▶ **Action item**
Exact transcription with no images: write out all of the entries below.
Records for the task START
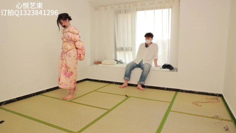 【心悦艺束】和服紫萱,日式后手,镣铐行走,玩弄玉足。
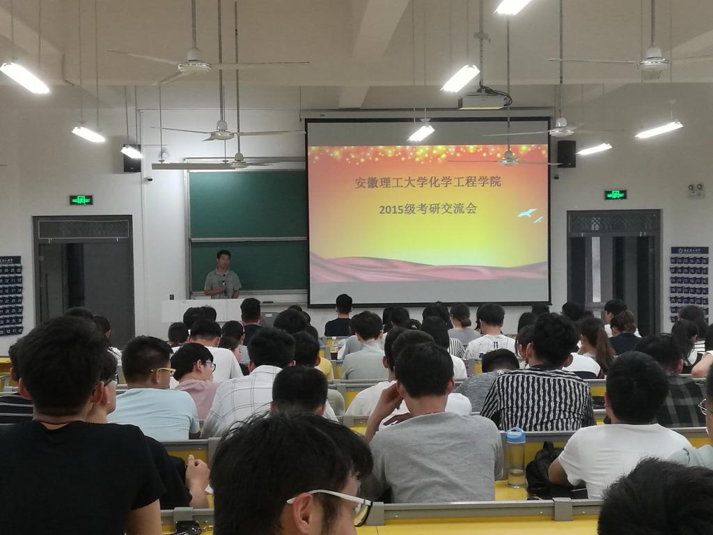 为使同学们更深入地了解考研中的各种方法与技巧,帮助大家树立合理考研目标,及时解决考研中遇到的各种困难,5月14日晚,化工美女av 在明理202教室举办考研经验交流会。2014级5名考研优秀学生代表与美女av 200余名2015级学生分享了考研经历与体会。会议由美女av 党委副书记徐泽绵主持。
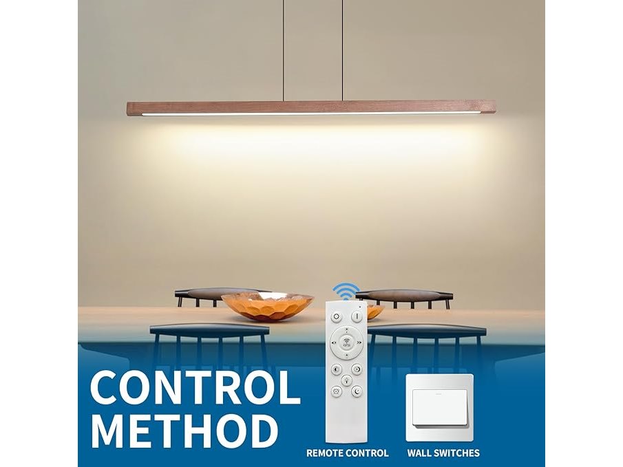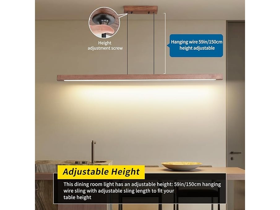 Ongebruikt, getest en werkend, volledig, ok, Mikeru Walnoot Hanglamp Eetkamerverlichting 150 cm Hanglamp Dimbaar met Geheugenfunctie 10% tot 100% Houten Hanglamp 3000 K / 4500 K / 6500 K met Afstandsbediening, voor Woonkamer, B0DK8ZF3CM
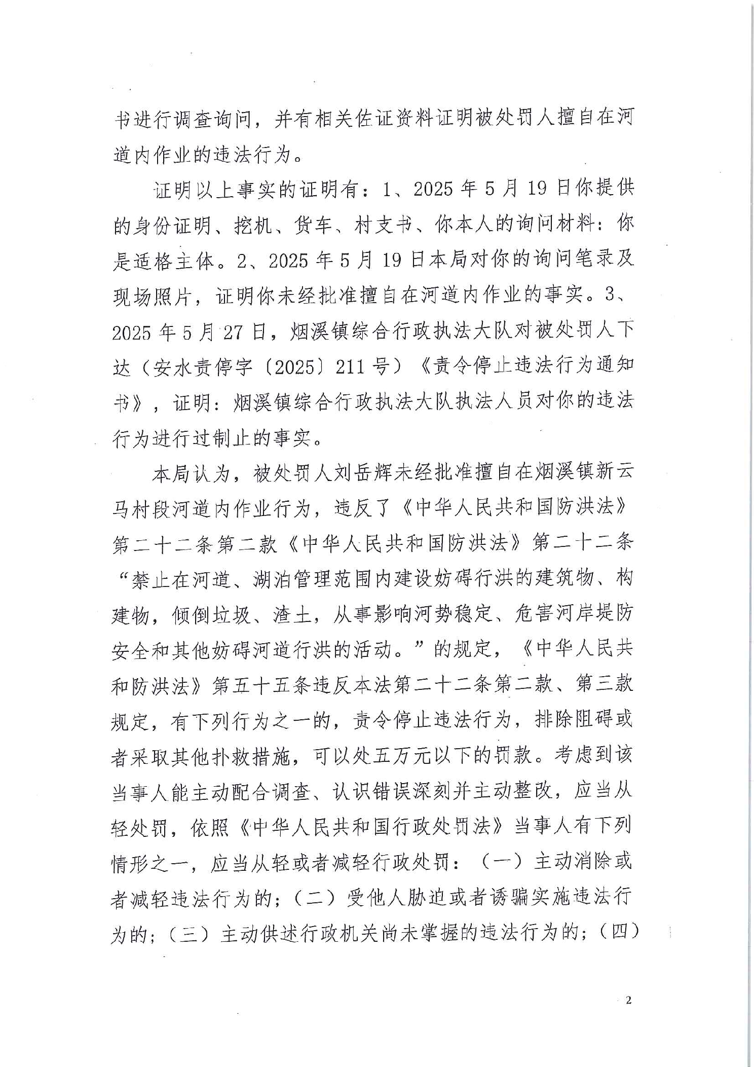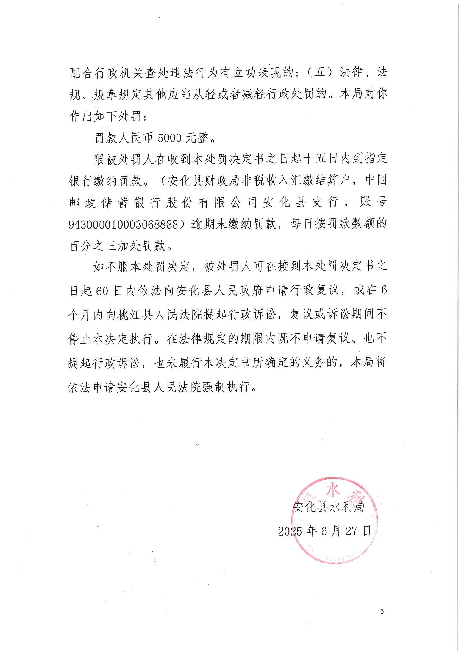 安化县水利局行政处罚决定书 安水罚字(2025)8号
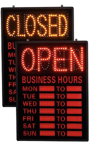 Let your customers know when you are in business with our Open/Closed LED Sign. Our LED sign will guide customers to your business. Our sign features wording that reads OPEN in orange and CLOSED in red. When the sign indicates OPEN, it cycles from stationary to progressive. The sign has space to write in your store daily business hours which will be clearly seen when the sign is illuminated. The hours can be changed anytime with a dry erase pen (included). Controllers for the sign are located on the back to indicate on/off, flash/static and speed. The overall dimensions of the sign are 16 ⅝”W x 1 ⅝” D x 23″H. 85-18339
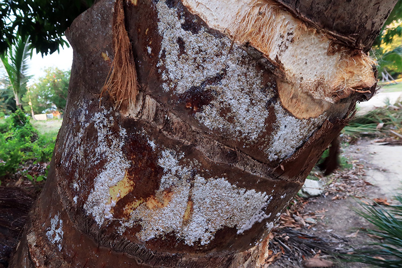 Una pruína blanquecina con aspecto de un Corticial resupinado, sobre la superficie del tronco de una palmera viva.
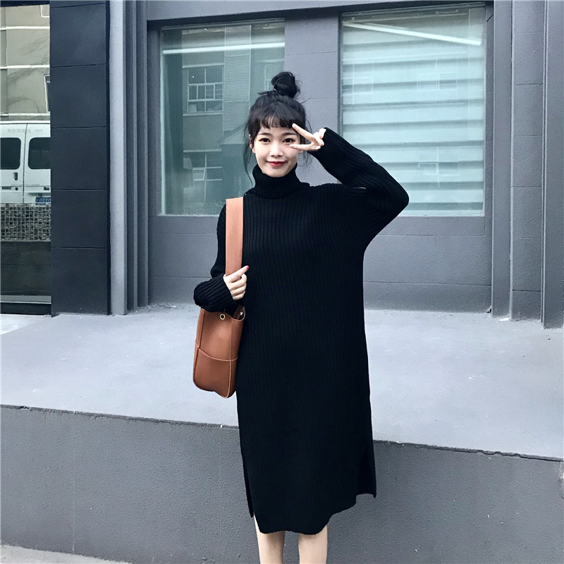 秋冬韓版高領慵懶風中長款寬松打底針織毛衣連衣裙長裙學生裙子女
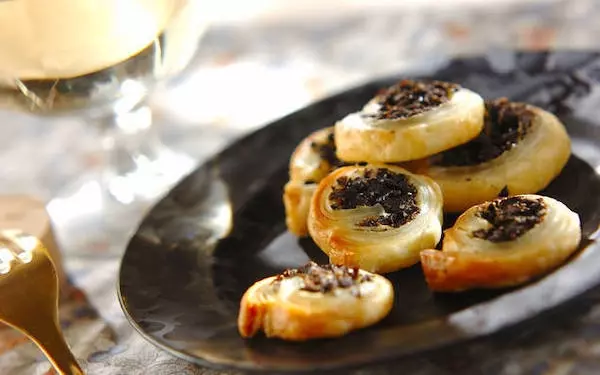 冷凍のパイ生地はおつまみも作れて重宝しますね。刻んだオリーブと粉チーズをパイ生地でクルクル巻いて焼き上げた「オリーブのパイ」は、大人テイストでワインやビールのお供にピッタリです。
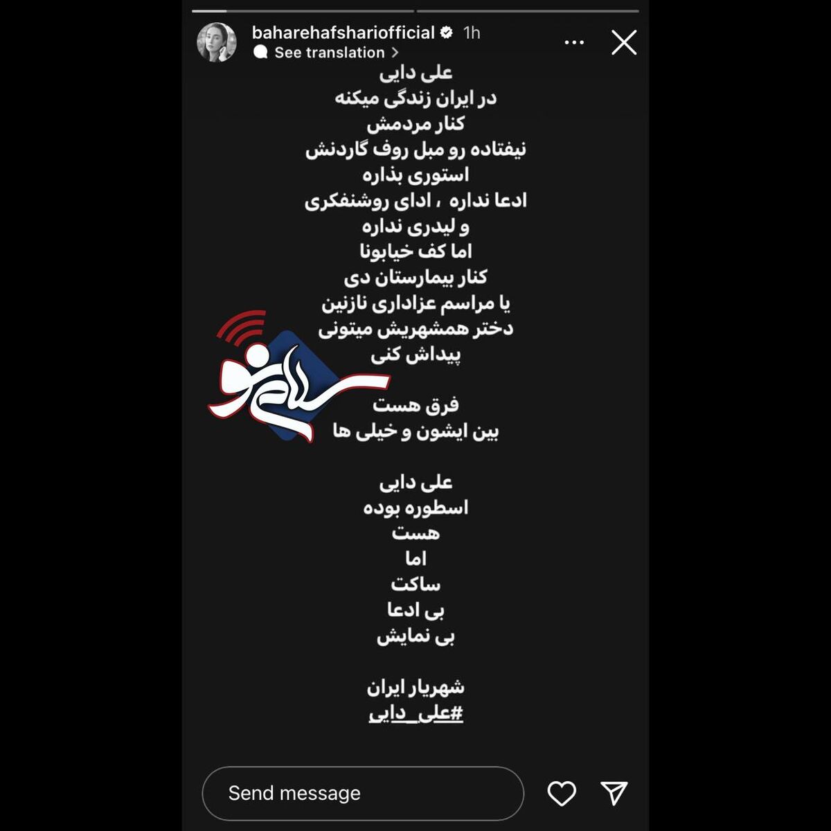 بهاره افشاری بازیگر سینما و تلویزیون از علی دایی دفاع کرد.
Records for the task END
▶ **Response to the exercise**
 【心悦艺束】和服紫萱,日式后手,镣铐行走,玩弄玉足。
 为使同学们更深入地了解考研中的各种方法与技巧,帮助大家树立合理考研目标,及时解决考研中遇到的各种困难,5月14日晚,化工美女av 在明理202教室举办考研经验交流会。2014级5名考研优秀学生代表与美女av 200余名2015级学生分享了考研经历与体会。会议由美女av 党委副书记徐泽绵主持。
 Ongebruikt, getest en werkend, volledig, ok, Mikeru Walnoot Hanglamp Eetkamerverlichting 150 cm Hanglamp Dimbaar met Geheugenfunctie 10% tot 100% Houten Hanglamp 3000 K / 4500 K / 6500 K met Afstandsbediening, voor Woonkamer, B0DK8ZF3CM
 安化县水利局行政处罚决定书 安水罚字(2025)8号
 Let your customers know when you are in business with our Open/Closed LED Sign. Our LED sign will guide customers to your business. Our sign features wording that reads OPEN in orange and CLOSED in red. When the sign indicates OPEN, it cycles from stationary to progressive. The sign has space to write in your store daily business hours which will be clearly seen when the sign is illuminated. The hours can be changed anytime with a dry erase pen (included). Controllers for the sign are located on the back to indicate on/off, flash/static and speed. The overall dimensions of the sign are 16 ⅝”W x 1 ⅝” D x 23″H. 85-18339
 Una pruína blanquecina con aspecto de un Corticial resupinado, sobre la superficie del tronco de una palmera viva.
 秋冬韓版高領慵懶風中長款寬松打底針織毛衣連衣裙長裙學生裙子女
 冷凍のパイ生地はおつまみも作れて重宝しますね。刻んだオリーブと粉チーズをパイ生地でクルクル巻いて焼き上げた「オリーブのパイ」は、大人テイストでワインやビールのお供にピッタリです。
 بهاره افشاری بازیگر سینما و تلویزیون از علی دایی دفاع کرد.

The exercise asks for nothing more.